# Use Azure Data Factory with PostgreSQL gateway
Cognite supports ingestion using Microsoft Azure Data Factory (ADF).
This article shows how to create a simple data pipeline in Azure Data Factory to copy data from a file in Azure blob storage and ingest it to CDF. Based on your data source and your data processing requirements you may need to create more advanced data pipelines in Azure data factory (opens new window).
In this article:
# Before you start
Make sure you have an Azure subscription and have created Azure resource groups (opens new window).
Make sure you have created an Azure storage account (opens new window).
Make sure you have the file containing the data to be ingested to CDF in Azure blob storage.
# Step 1: Create a data factory
Sign in to the Azure portal (opens new window) as an admin.
If you have access to multiple tenants, use the Directory + subscription filter in the top menu to select the tenant in which you want to register a data factory.
Search for and select Data Factory.
Click Create to open the Data Factory page.
On the Basics tab:
- Subscription: Select the Azure subscription in which you want to create the data factory.
- Resource group: Create or select the Azure resource group you want to use.
- Region: Select a location where your ADF metadata will be stored. This list only shows locations that ADF supports.
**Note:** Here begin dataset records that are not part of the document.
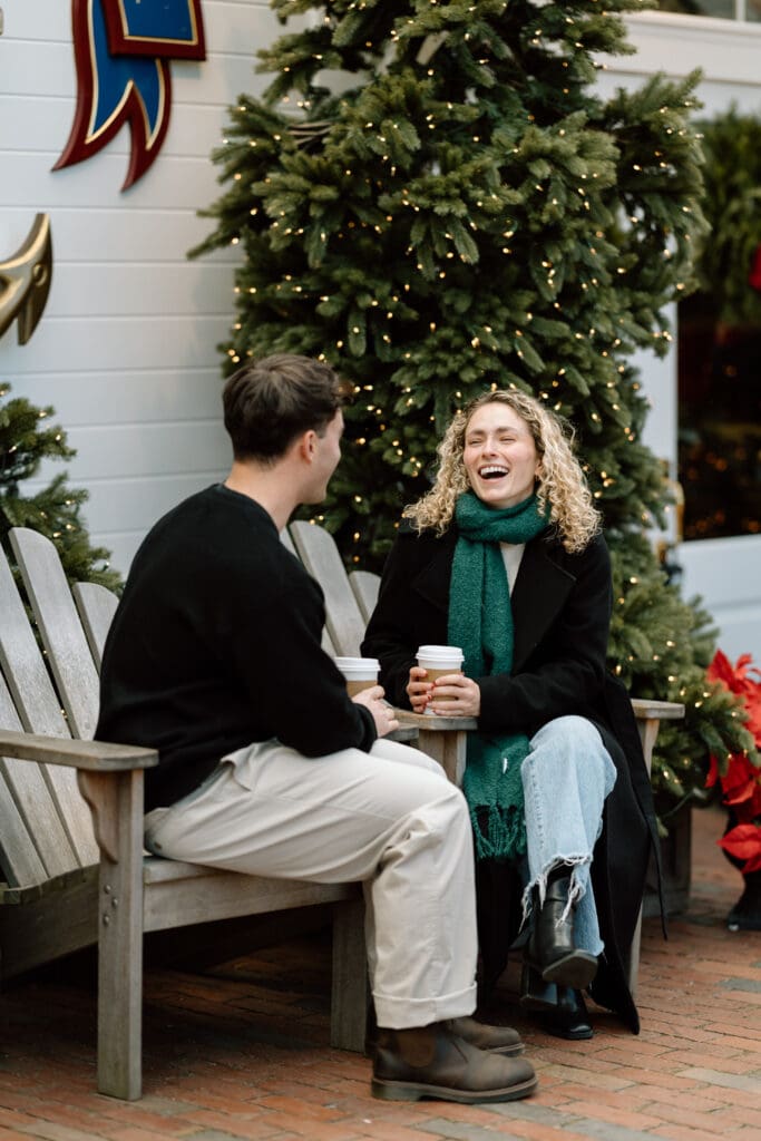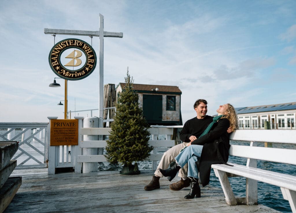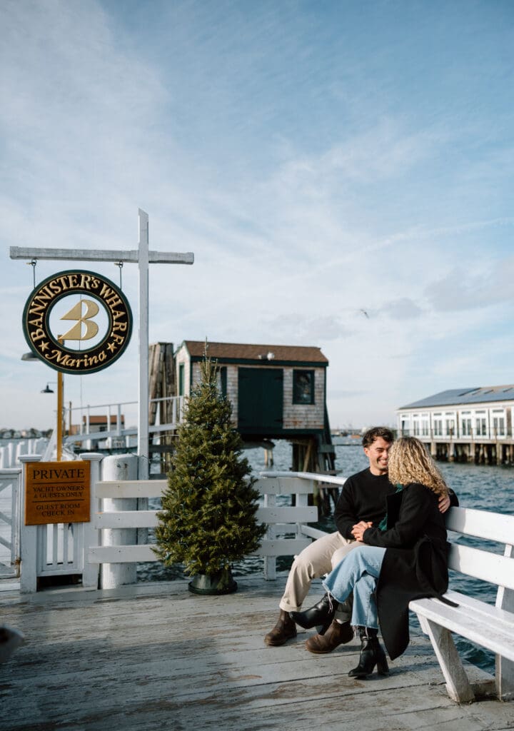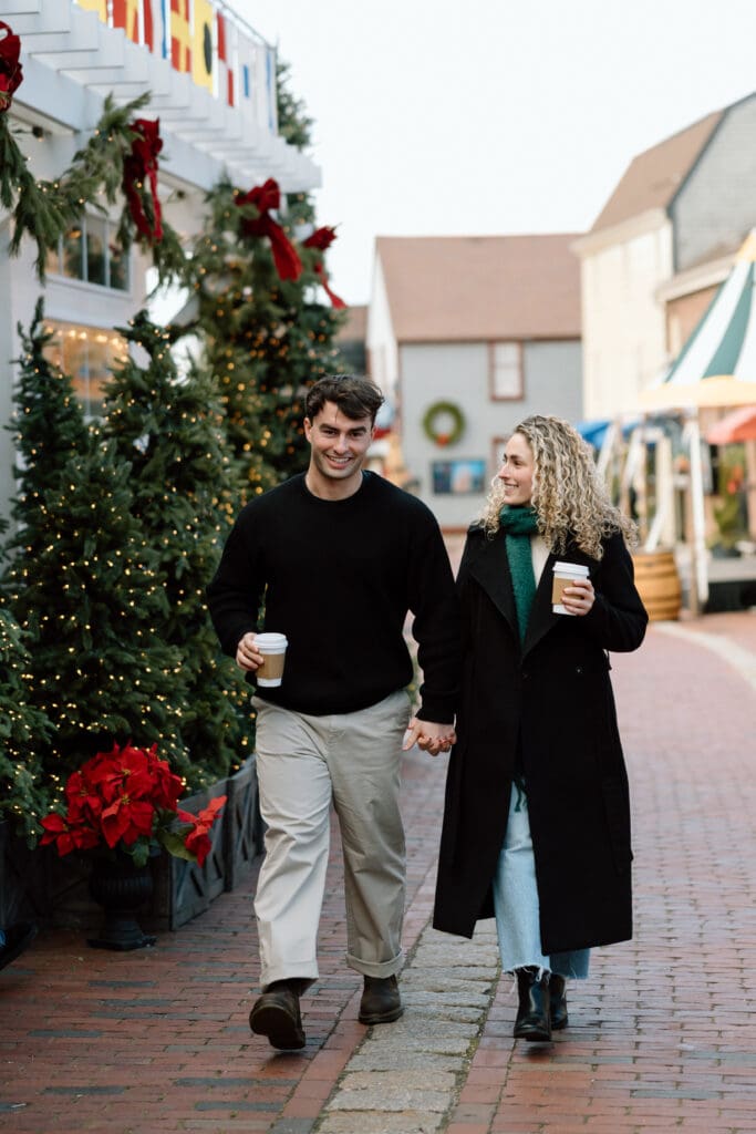 Taking photos on the wharf in Newport, Rhode Island during the holiday season always feels special. The docks are quieter, the boats are wrapped up for winter, and the town has a slower, more relaxed energy. This session was simple and easy. We walked along the wharf, grabbed coffee, and let the morning unfold naturally. Lots of smiles, a little laughter, and plenty of in-between moments. Nothing staged or forced, just the two of them enjoying being together.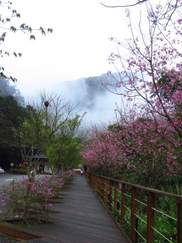 內洞小徑旁有一排的粉櫻(昭和櫻?)與山嵐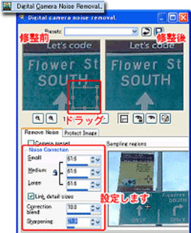 「Digital Camera Noise Removal」はその名の通り、デジカメ写真のノイズを除去する機能です。ノイズの部分をドラッグして囲むと、目障りなちらつきが瞬時に目立たなくなります。消したいノイズの大きさや、修整の度合い、シャープさを加える詳細な設定ができます。細かい選択作業いらずでこれだけすっきりできるのは結構驚きです。

- Name: Enter a globally unique name for the data factory.
- Version: Select V2.
Click Next: Git configuration and fill in the required fields or select Configure Git later.
Click Review + Create > Create.
After the creation is complete, open the data factory and select the Author & Monitor tile to start the Azure Data Factory application in a separate tab.
# Step 2: Create an ADF pipeline and set the source system
Use the Copy data tool to create a pipeline that reads data from a file in your data storage and writes to CDF.
On the Let's get started page, select the Create pipeline tile.
Open Activities > Move and transform.
Drag and drop the Copy data onto the canvas and enter a unique name in the Name field.
Open the Source tab > New.
Select the datastore that references the source system you're extracting from. In this example we'll extract data from a .csv file in Azure Blob Storage.
Create a new linked service that links your data store to the data factory.
Enter a unique name for the service.
Select your Azure subscription and storage account.
Click Test connection to make sure you are connected to the selected storage account.
Under Set properties, set the file you want to read data from.
Enter a unique name for the source data set.
Browse to the file you want to use.
Select First row as header to reuse the source file's header columns.
# Step 3: Set PostgreSQL gateway as sink
In this step, add the PostgreSQL gateway as the destination using a sink in ADF.
Open Copy data > Sink tab.
In the Sink dataset field, select New.
Select or search for Azure Database for PostgreSQL.
Click Open to open the sink data set.
On the Connection tab, add a linked service for the sink data set.
Click New to add a linked service.
Under Account selection method > Enter manually.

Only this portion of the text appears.